* **What you are asked to do**
The response should consist of every line below, restated exactly, with no pictures.

* **Exercise data**
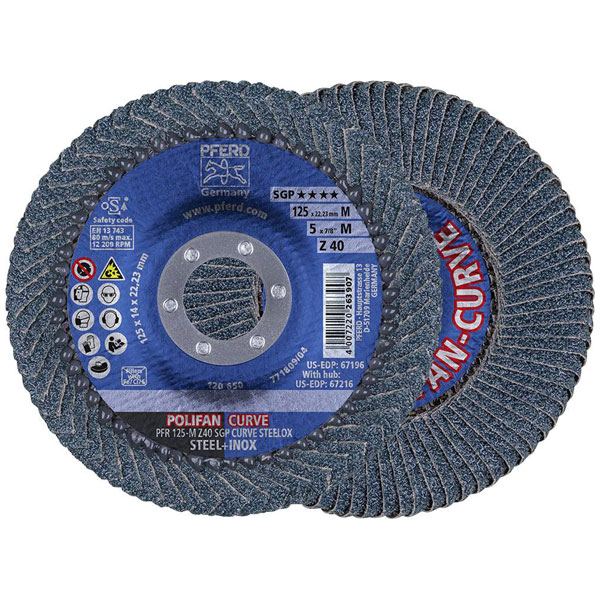 The PFERD 69398197 PFR 125-M Z 40 SGP CURVE STEELOX flap disc has a diameter of 125 mm and comes in a pack of 2 pieces. It features an abrasive pad mount for efficient grinding and finishing tasks. This flap disc is typically used for processing steel and stainless steel surfaces.
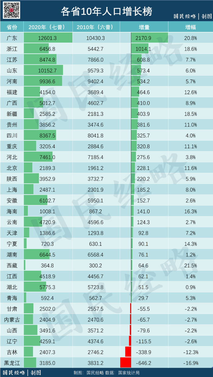 过去10年,全国新增人口超过7000万人,但不是每个省份都能享受这一红利。
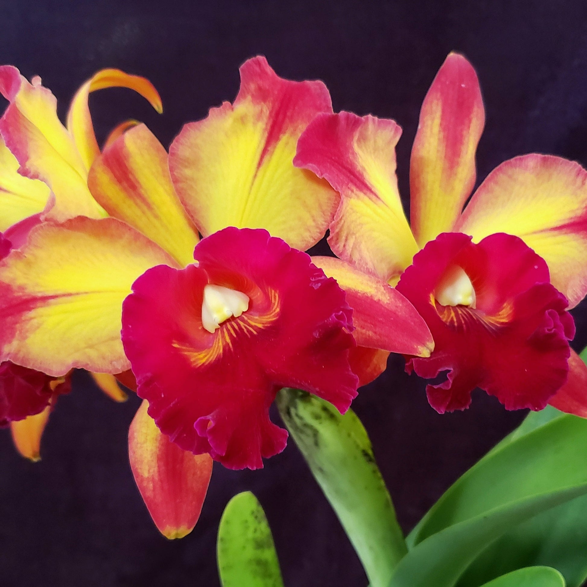With yellow flowers accented by red hues, this classic Cattleya is a work of art. Carefully cultivated and hybridized by a local breeder, Blc. Toshie Aoki 'Pizazz' is one of many examples of Hawaii's floricultural excellence. This orchid will thrive in bright indirect light, warm to hot temperatures, and is best left to dry between waterings. Grown in Hawaii in 4" pots, these are available as blooming size only, no buds or spikes.
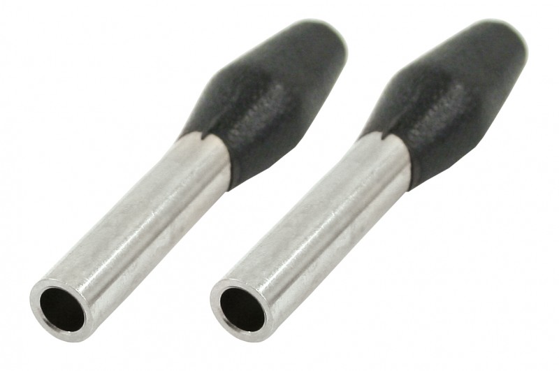 Door lock pulls have a chrome bottom and a black tip.

* **Reply to the exercise**
 The PFERD 69398197 PFR 125-M Z 40 SGP CURVE STEELOX flap disc has a diameter of 125 mm and comes in a pack of 2 pieces. It features an abrasive pad mount for efficient grinding and finishing tasks. This flap disc is typically used for processing steel and stainless steel surfaces.
 过去10年,全国新增人口超过7000万人,但不是每个省份都能享受这一红利。
With yellow flowers accented by red hues, this classic Cattleya is a work of art. Carefully cultivated and hybridized by a local breeder, Blc. Toshie Aoki 'Pizazz' is one of many examples of Hawaii's floricultural excellence. This orchid will thrive in bright indirect light, warm to hot temperatures, and is best left to dry between waterings. Grown in Hawaii in 4" pots, these are available as blooming size only, no buds or spikes.
 Door lock pulls have a chrome bottom and a black tip.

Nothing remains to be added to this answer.